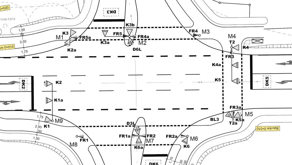 Leistungsfähige und verkehrssichere Knotenpunkte bilden die Grundlage für funktionierende Verkehrsnetze. Der Umbau zu Kreisverkehren führt oftmals zu einer Verbesserung der Verkehrsqualität und Verkehrssicherheit. Hoch belastete Knoten erfordern häufig eine Signalsteuerung. Die sekundengenaue Optimierung von Signalzeitenplänen unter Berücksichtung von Verkehrsabhängigkeiten ist ein Anspruch den wir an uns haben. Wir können Ihnen eine Simulation von Knotenpunkten und Streckennetzen erstellen und daraus die relevanten Auswerteparameter ableiten. Diese kann als Video präsentiert wirkungsvoll zur Veranschaulichung und Erhöhung der Akzeptanz genutzt werden. Wir berechnen die Verkehrsqualität aller Verkehrsanlagen auf der Basis des HBS 2015.
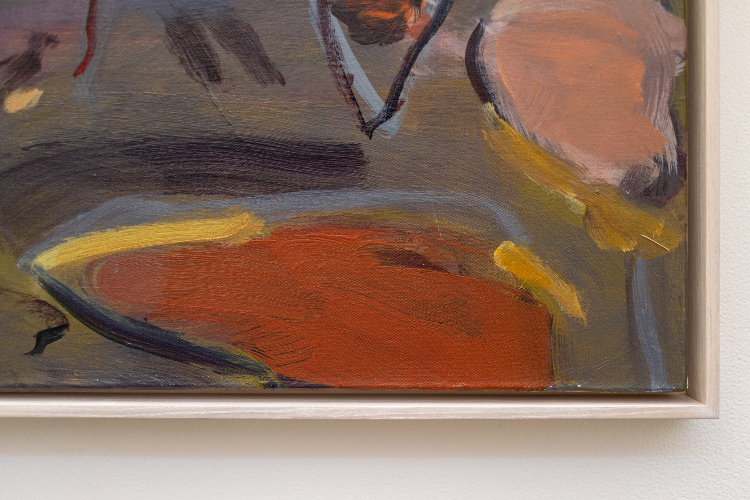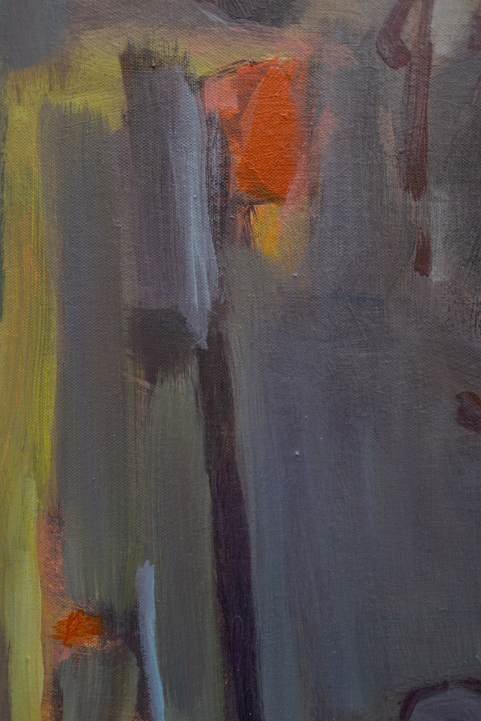 With Blue Hour, this horizontal composition is anchored by a rich, dark, gray-blue backdrop. Across the surface, she ‘draws’ with paint--expressive brushstrokes and calligraphic marks in black, aubergine, melon, golden yellow, and orange unfold in layered, muted tones. These forms suggest leaves, flowers, petals, and vines that appear to “dance” across the canvas. Sandra Goldie’s work feels alive with movement—something she attributes to her early exposure to the freeform rhythms of jazz. One of the series entitled “mingled yarn.”
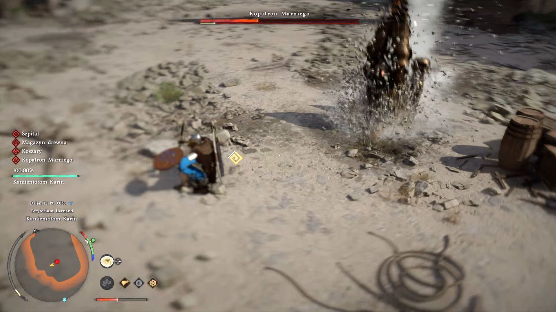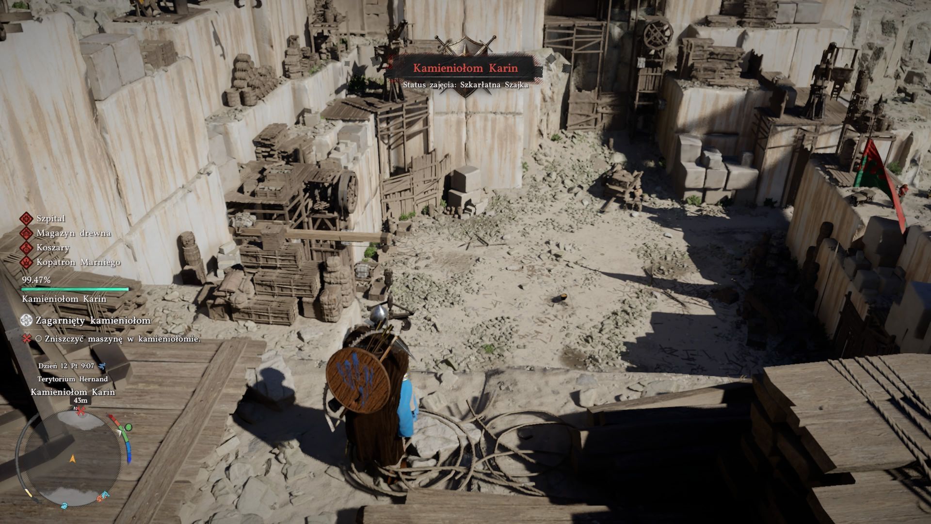 - Zauważcie, że pokonanie kopatrona nie zakończyło zadania, bo musicie jeszcze odbić cały kamieniołom. Rozgrywa się to oddzielnie i nie musicie się tym zajmować od razu po starciu z bossem. Możecie powrócić do kamieniołomu po uzupełnieniu zapasów.
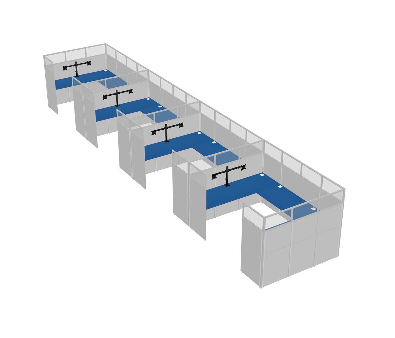 Prism Blue U-shaped Panel System For 4 Person + Monitor Arm (double Arms) For 4 User(s)
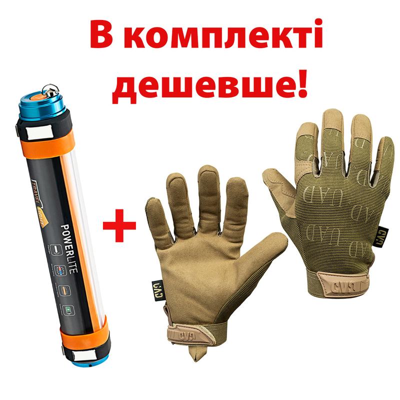 Акционный комплект: перчатки военные тактические полнопалые сенсорные ARES UAD плюс фонарик-повербанк UAD с аккумулятором на 5200 мАч. Перчатки военные тактические полнопалые сенсорные ARES UAD Перчатки модели ARES от UAD это новый этап развития тактических перчаток на рынке Украины. При разработке данной модели мы учли пожелания пользователей и операторов и сделали максимально удобные и универсальные перчатки на каждый день. Каждый палец усилен для того, чтобы ваша пара прослужила как можно больше срока. Нижняя часть перчатки закрыта прочной синтетической кожей, что продлевает срок службы перчатки и уменьшает скольжение предметов, а облегающая тыльную сторону ладони ткань улучшает посадку самой варежки на вашей руке. Такая композиция материалов помогает сохранить руки сухими и комфортными в любых условиях. Перчатки ARES подойдут как для стрельбы и работы с оружием/экипировкой, так и для повседневных работ (оборудование позиций, переноса вещей и т.д.). Цвет самых перчаток и лейб подобран так, чтобы они не отсветили при свете фонаря. Фирменный манжет UAD переработанный и усиленный – как резиновая часть, так и VELCRO. Это улучшает фиксацию перчаток на кистях. Сами перчатки оснащены небольшими петлями для быстрой фиксации перчаток на руке и возможности подвеса их на креплении карабина. Цвет данной модели – койот. Модель спроектирована в Украине. Кемпинговый фонарь-лампа повербанк водонепроницаемый с магнитом 25см UAD 5200 мАч Кемпинговый многофункциональный фонарь сочетает преимущества фонарика и повербанка. Общий аккумулятор позволяет использовать его емкость (5200 мАч) максимально эффективно в зависимости от потребностей. Фонарь имеет множество преимуществ: Влагозащищенный корпус, соответствующий стандарту IP68, то есть выдерживает погружение на глубину 1,5м. Два источника света – рассеянный (5 режимов) и направленный (1 режим). Максимальная яркость работы – 280 люменов. Режимы переключаются последовательным нажатием кнопки: 1. Первый режим – направленный свет – фонарик с торцевой стороны фонаря. Диаметр светового пятна с расстояния 1 метр – 10 см. яркая область плюс 1 метр рассечна. Последующие режимы включают рассеянный свет (боковая лампа): 2. Рассеянный свет Low - мощность 8% от максимума, до 60 часов работы. 3. Рассеянный свет Medium – мощность 30% от максимума до 16 часов работы. 4. Рассещенный свет Max – 100% мощности до 8 часов работы. 5. Рассеивающий свет Flesh – желтый свет, который отлично освещает несмотря на слабый световой поток. Мощность 8% от максимума, более 60 часов работы. 6. Режим Caution – мигание двух цветов – красного и синего. Аварийный режим виден с большого расстояния. Работает до 60 часов. Зажим кнопки на 2 секунды отключает фонарь независимо от режима. Фонарь имеет usb выход, как обычный повербанк. Его можно использовать для зарядки всех бытовых приборов. На корпусе фонарь

▶ **Task objective**: All the data above is to be transcribed exactly, with no pictures included.

▶ **Solution for this task**:
 Leistungsfähige und verkehrssichere Knotenpunkte bilden die Grundlage für funktionierende Verkehrsnetze. Der Umbau zu Kreisverkehren führt oftmals zu einer Verbesserung der Verkehrsqualität und Verkehrssicherheit. Hoch belastete Knoten erfordern häufig eine Signalsteuerung. Die sekundengenaue Optimierung von Signalzeitenplänen unter Berücksichtung von Verkehrsabhängigkeiten ist ein Anspruch den wir an uns haben. Wir können Ihnen eine Simulation von Knotenpunkten und Streckennetzen erstellen und daraus die relevanten Auswerteparameter ableiten. Diese kann als Video präsentiert wirkungsvoll zur Veranschaulichung und Erhöhung der Akzeptanz genutzt werden. Wir berechnen die Verkehrsqualität aller Verkehrsanlagen auf der Basis des HBS 2015.
 With Blue Hour, this horizontal composition is anchored by a rich, dark, gray-blue backdrop. Across the surface, she ‘draws’ with paint--expressive brushstrokes and calligraphic marks in black, aubergine, melon, golden yellow, and orange unfold in layered, muted tones. These forms suggest leaves, flowers, petals, and vines that appear to “dance” across the canvas. Sandra Goldie’s work feels alive with movement—something she attributes to her early exposure to the freeform rhythms of jazz. One of the series entitled “mingled yarn.”
 - Zauważcie, że pokonanie kopatrona nie zakończyło zadania, bo musicie jeszcze odbić cały kamieniołom. Rozgrywa się to oddzielnie i nie musicie się tym zajmować od razu po starciu z bossem. Możecie powrócić do kamieniołomu po uzupełnieniu zapasów.
 Prism Blue U-shaped Panel System For 4 Person + Monitor Arm (double Arms) For 4 User(s)
 Акционный комплект: перчатки военные тактические полнопалые сенсорные ARES UAD плюс фонарик-повербанк UAD с аккумулятором на 5200 мАч. Перчатки военные тактические полнопалые сенсорные ARES UAD Перчатки модели ARES от UAD это новый этап развития тактических перчаток на рынке Украины. При разработке данной модели мы учли пожелания пользователей и операторов и сделали максимально удобные и универсальные перчатки на каждый день. Каждый палец усилен для того, чтобы ваша пара прослужила как можно больше срока. Нижняя часть перчатки закрыта прочной синтетической кожей, что продлевает срок службы перчатки и уменьшает скольжение предметов, а облегающая тыльную сторону ладони ткань улучшает посадку самой варежки на вашей руке. Такая композиция материалов помогает сохранить руки сухими и комфортными в любых условиях. Перчатки ARES подойдут как для стрельбы и работы с оружием/экипировкой, так и для повседневных работ (оборудование позиций, переноса вещей и т.д.). Цвет самых перчаток и лейб подобран так, чтобы они не отсветили при свете фонаря. Фирменный манжет UAD переработанный и усиленный – как резиновая часть, так и VELCRO. Это улучшает фиксацию перчаток на кистях. Сами перчатки оснащены небольшими петлями для быстрой фиксации перчаток на руке и возможности подвеса их на креплении карабина. Цвет данной модели – койот. Модель спроектирована в Украине. Кемпинговый фонарь-лампа повербанк водонепроницаемый с магнитом 25см UAD 5200 мАч Кемпинговый многофункциональный фонарь сочетает преимущества фонарика и повербанка. Общий аккумулятор позволяет использовать его емкость (5200 мАч) максимально эффективно в зависимости от потребностей. Фонарь имеет множество преимуществ: Влагозащищенный корпус, соответствующий стандарту IP68, то есть выдерживает погружение на глубину 1,5м. Два источника света – рассеянный (5 режимов) и направленный (1 режим). Максимальная яркость работы – 280 люменов. Режимы переключаются последовательным нажатием кнопки: 1. Первый режим – направленный свет – фонарик с торцевой стороны фонаря. Диаметр светового пятна с расстояния 1 метр – 10 см. яркая область плюс 1 метр рассечна. Последующие режимы включают рассеянный свет (боковая лампа): 2. Рассеянный свет Low - мощность 8% от максимума, до 60 часов работы. 3. Рассеянный свет Medium – мощность 30% от максимума до 16 часов работы. 4. Рассещенный свет Max – 100% мощности до 8 часов работы. 5. Рассеивающий свет Flesh – желтый свет, который отлично освещает несмотря на слабый световой поток. Мощность 8% от максимума, более 60 часов работы. 6. Режим Caution – мигание двух цветов – красного и синего. Аварийный режим виден с большого расстояния. Работает до 60 часов. Зажим кнопки на 2 секунды отключает фонарь независимо от режима. Фонарь имеет usb выход, как обычный повербанк. Его можно использовать для зарядки всех бытовых приборов. На корпусе фонарь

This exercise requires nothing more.